* _ENTRIES PROVIDED_:
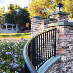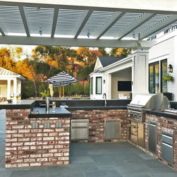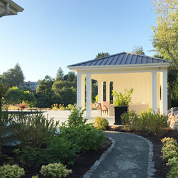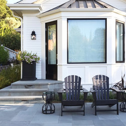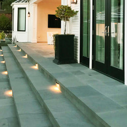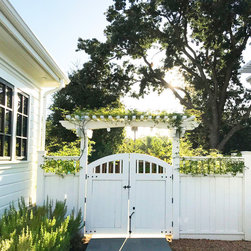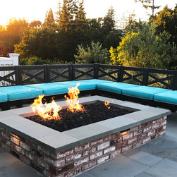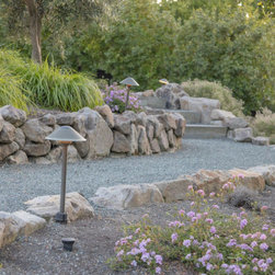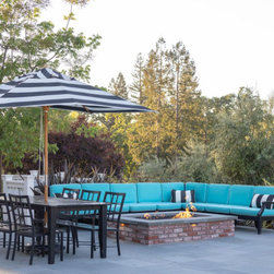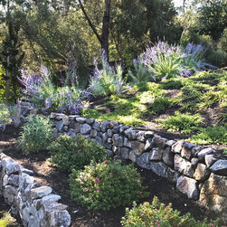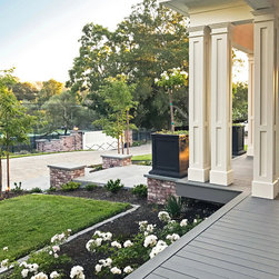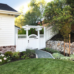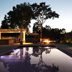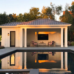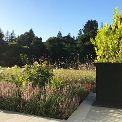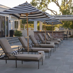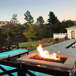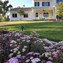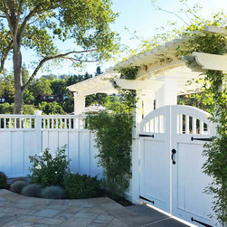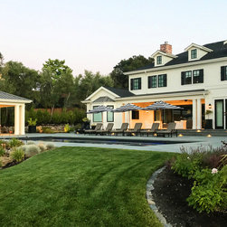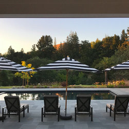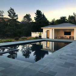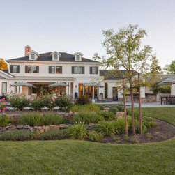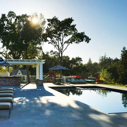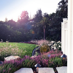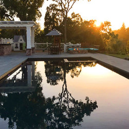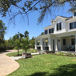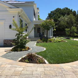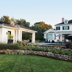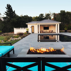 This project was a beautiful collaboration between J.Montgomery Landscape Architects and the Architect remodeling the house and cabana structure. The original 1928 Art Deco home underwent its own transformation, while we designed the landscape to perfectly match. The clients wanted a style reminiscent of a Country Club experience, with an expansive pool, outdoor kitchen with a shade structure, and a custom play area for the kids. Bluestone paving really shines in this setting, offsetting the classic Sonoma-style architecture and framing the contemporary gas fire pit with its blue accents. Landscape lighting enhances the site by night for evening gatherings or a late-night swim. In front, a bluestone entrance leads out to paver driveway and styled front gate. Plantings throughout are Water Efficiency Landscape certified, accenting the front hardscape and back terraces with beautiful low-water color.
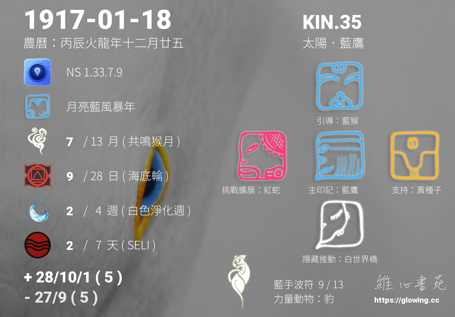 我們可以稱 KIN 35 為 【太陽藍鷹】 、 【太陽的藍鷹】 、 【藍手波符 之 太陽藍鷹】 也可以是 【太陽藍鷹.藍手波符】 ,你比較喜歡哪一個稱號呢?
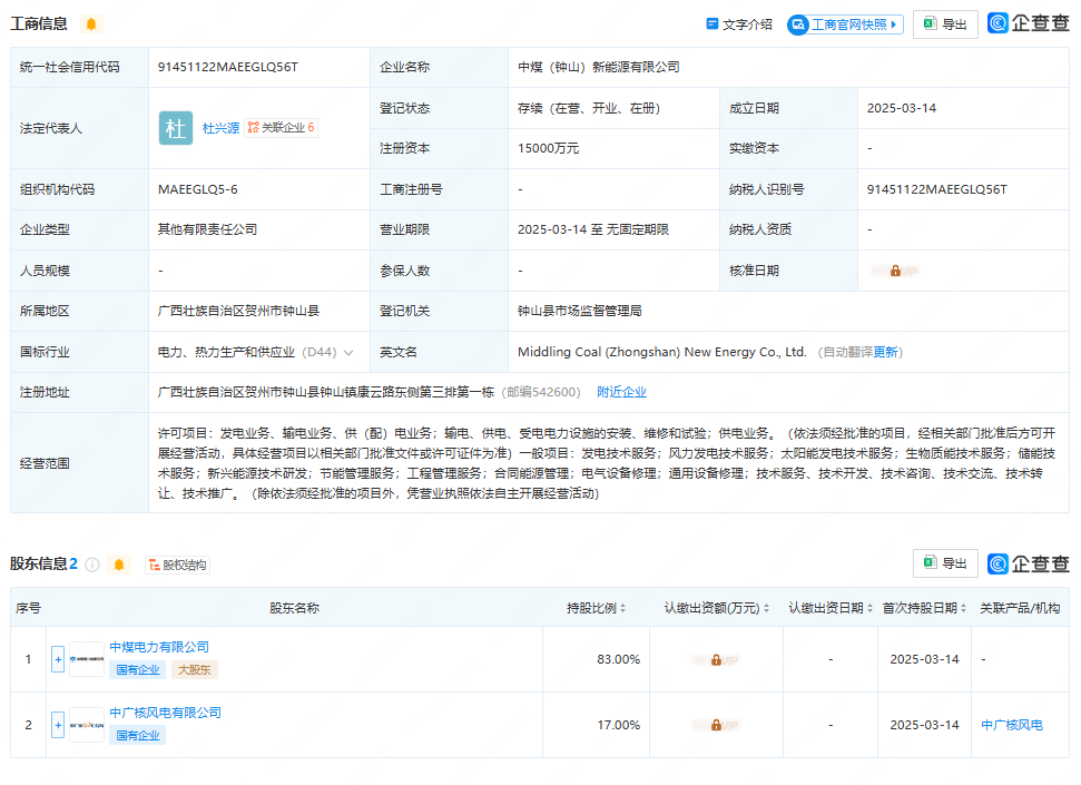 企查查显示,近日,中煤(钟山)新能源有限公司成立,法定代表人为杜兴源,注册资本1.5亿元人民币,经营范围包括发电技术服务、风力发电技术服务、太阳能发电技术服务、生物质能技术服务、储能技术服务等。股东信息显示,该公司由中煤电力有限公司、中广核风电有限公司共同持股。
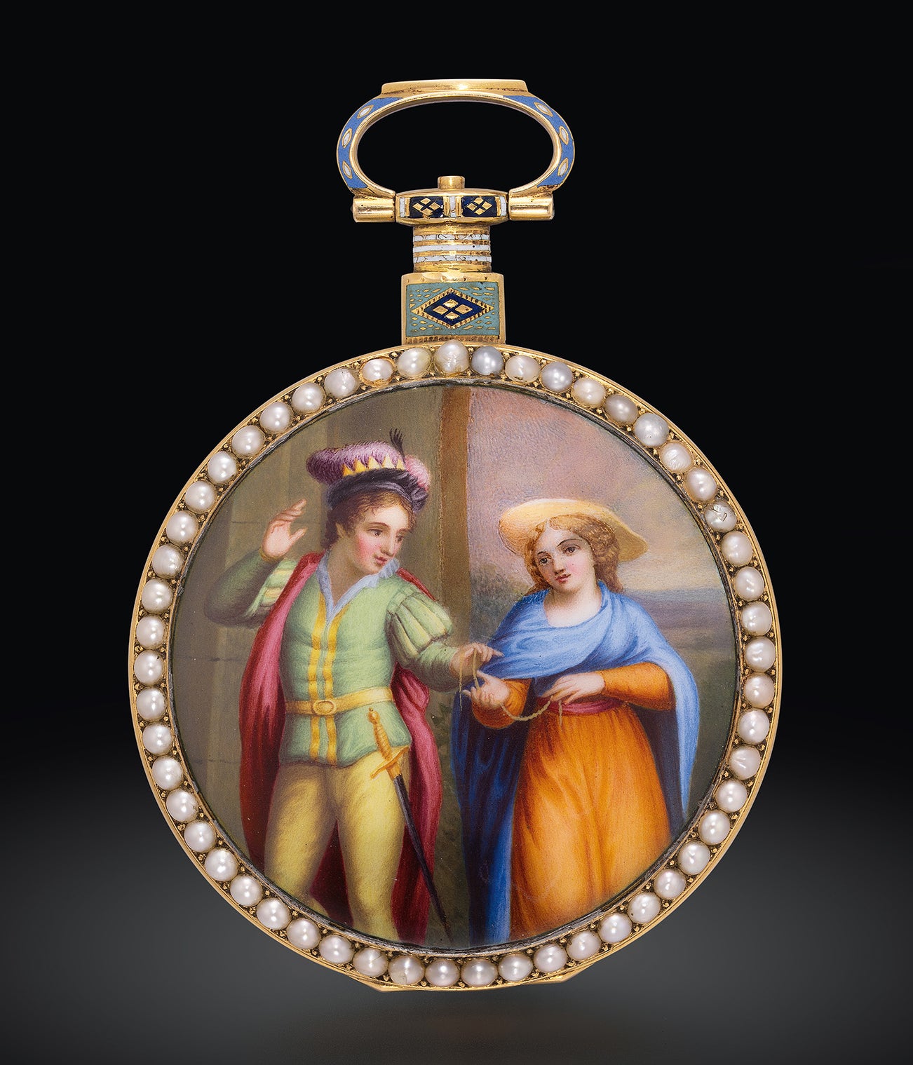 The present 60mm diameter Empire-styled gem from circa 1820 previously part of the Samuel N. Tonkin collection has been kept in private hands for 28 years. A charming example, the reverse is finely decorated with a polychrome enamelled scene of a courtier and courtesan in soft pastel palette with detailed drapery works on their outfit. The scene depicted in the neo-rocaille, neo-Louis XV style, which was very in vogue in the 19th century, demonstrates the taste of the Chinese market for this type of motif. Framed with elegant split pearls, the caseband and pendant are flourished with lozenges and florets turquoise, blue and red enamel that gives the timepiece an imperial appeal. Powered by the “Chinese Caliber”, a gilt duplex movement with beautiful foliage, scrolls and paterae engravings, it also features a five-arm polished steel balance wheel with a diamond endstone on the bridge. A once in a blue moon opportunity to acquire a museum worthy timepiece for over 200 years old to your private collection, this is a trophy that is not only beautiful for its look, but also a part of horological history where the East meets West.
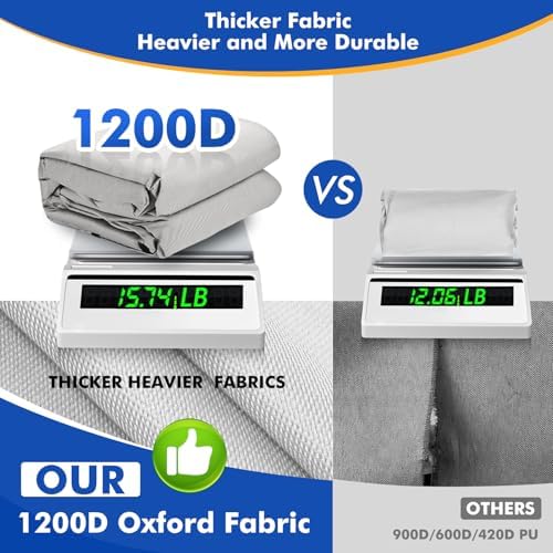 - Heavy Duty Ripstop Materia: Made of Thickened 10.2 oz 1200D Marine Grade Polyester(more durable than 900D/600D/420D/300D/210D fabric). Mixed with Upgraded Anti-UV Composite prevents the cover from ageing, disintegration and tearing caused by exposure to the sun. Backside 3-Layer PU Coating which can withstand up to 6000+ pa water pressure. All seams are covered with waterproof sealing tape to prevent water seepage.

* _YOUR TASK_: Reproduce the material word for word, but without its images.

* _ANSWER FOR THE TASK_:
 This project was a beautiful collaboration between J.Montgomery Landscape Architects and the Architect remodeling the house and cabana structure. The original 1928 Art Deco home underwent its own transformation, while we designed the landscape to perfectly match. The clients wanted a style reminiscent of a Country Club experience, with an expansive pool, outdoor kitchen with a shade structure, and a custom play area for the kids. Bluestone paving really shines in this setting, offsetting the classic Sonoma-style architecture and framing the contemporary gas fire pit with its blue accents. Landscape lighting enhances the site by night for evening gatherings or a late-night swim. In front, a bluestone entrance leads out to paver driveway and styled front gate. Plantings throughout are Water Efficiency Landscape certified, accenting the front hardscape and back terraces with beautiful low-water color.
 我們可以稱 KIN 35 為 【太陽藍鷹】 、 【太陽的藍鷹】 、 【藍手波符 之 太陽藍鷹】 也可以是 【太陽藍鷹.藍手波符】 ,你比較喜歡哪一個稱號呢?
 企查查显示,近日,中煤(钟山)新能源有限公司成立,法定代表人为杜兴源,注册资本1.5亿元人民币,经营范围包括发电技术服务、风力发电技术服务、太阳能发电技术服务、生物质能技术服务、储能技术服务等。股东信息显示,该公司由中煤电力有限公司、中广核风电有限公司共同持股。
 The present 60mm diameter Empire-styled gem from circa 1820 previously part of the Samuel N. Tonkin collection has been kept in private hands for 28 years. A charming example, the reverse is finely decorated with a polychrome enamelled scene of a courtier and courtesan in soft pastel palette with detailed drapery works on their outfit. The scene depicted in the neo-rocaille, neo-Louis XV style, which was very in vogue in the 19th century, demonstrates the taste of the Chinese market for this type of motif. Framed with elegant split pearls, the caseband and pendant are flourished with lozenges and florets turquoise, blue and red enamel that gives the timepiece an imperial appeal. Powered by the “Chinese Caliber”, a gilt duplex movement with beautiful foliage, scrolls and paterae engravings, it also features a five-arm polished steel balance wheel with a diamond endstone on the bridge. A once in a blue moon opportunity to acquire a museum worthy timepiece for over 200 years old to your private collection, this is a trophy that is not only beautiful for its look, but also a part of horological history where the East meets West.
 - Heavy Duty Ripstop Materia: Made of Thickened 10.2 oz 1200D Marine Grade Polyester(more durable than 900D/600D/420D/300D/210D fabric). Mixed with Upgraded Anti-UV Composite prevents the cover from ageing, disintegration and tearing caused by exposure to the sun. Backside 3-Layer PU Coating which can withstand up to 6000+ pa water pressure. All seams are covered with waterproof sealing tape to prevent water seepage.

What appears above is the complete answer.